Defendants’ question here doesn’t ask about Aguilar’s communications with an attorney.  It asks for her intent vis-à-vis the documents, which she may have developed well before speaking to an attorney.

 

In opposition, Aguilar also notes that on page 59 of the deposition transcript, she testifies, “I retained the documents that I thought were relevant . . . [t]o keeping a record of what I believe was happening at Pacific Stone and it was illegal.”  She argues this is responsive to Defendants’ question, and no further response is required.  The Court disagrees.  The reason Aguilar retained the documents may be the same as what she intended to do with them, but it may not.  The Court orders a further response to this question.

 

C.            Communications with LaCour

 

 

The third question at issue is:

 

Q.       Ms. Aguilar, of all the documents that you emailed to yourself, at any time, did you give those documents to Mr.
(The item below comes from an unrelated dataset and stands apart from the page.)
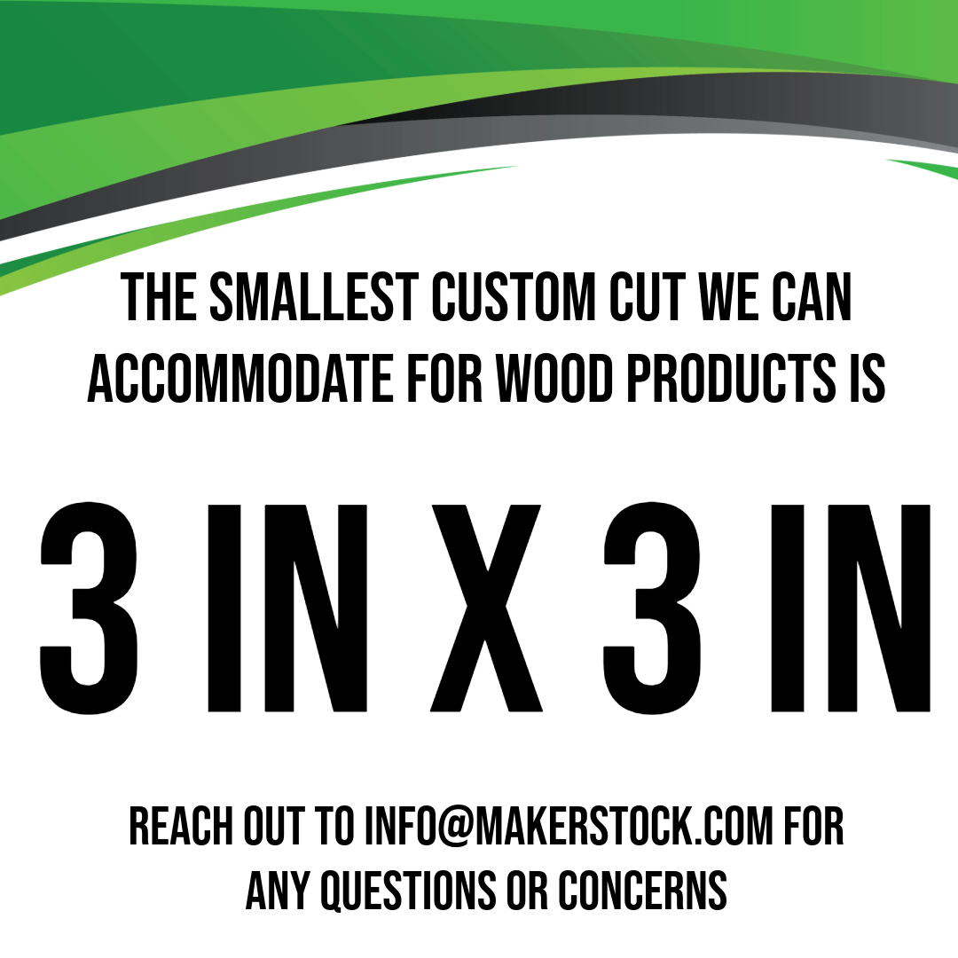 Get the perfect fit for your project with our Custom Cut service. Explore possibilities beyond our 10+ stock size options. Order custom cuts up to 24” x 48” for standard $12 flat-rate shipping per 50lb box. For larger sizes, email sales@makerstock.com for a custom shipping quote. With ±0.188" tolerances and 2–4 day lead times, let us save you time and effort.

LaCour’s office?

 

LaCour instructed her not to respond on privilege grounds.

 

Per the above discussion, this objection could be justified depending on the timing of Aguilar’s attorney-client relationship with LaCour.  Depending on what further questioning about the timing of the attorney-client relationship reveals, a further response may or may not be required.  Because the Court lacks sufficient information to make this decision, it advises the parties that if Aguilar gave documents to LaCour’s office outside the context of any attorney-client relationship, the Court would order a further response.

 

IV.         Sanctions

 

LaCour’s objections to the first and second questions were without substantial justification.  As to the first question, even if the attorney-client privilege might be a valid partial objection, LaCour lacked substantial justification to instruct Aguilar not to answer at all.  Again, the question asked for “anybody” she had given the documents to, not just attorneys.  As to the second question, Aguilar’s intent is neither an attorney impression protected by the work product doctrine nor a communication protected by the attorney-client privilege.  LaCour’s objection to the third question is substantially justified on this record, where the Court lacks information about the specific timing of Aguilar’s attorney-client relationship with LaCour. 

 

Defendants’ notice of motion seeks sanctions against EFLL and Aguilar.  Considering the record before the Court, the Court concludes sanctions are appropriate against EFLL, but not Aguilar.  The Court finds defense counsel’s hourly rate and claimed hours reasonable.  Because LaCour was without substantial justification for two of three objections at issue, the Court will award 2/3 of the sanctions requested, or $3,340.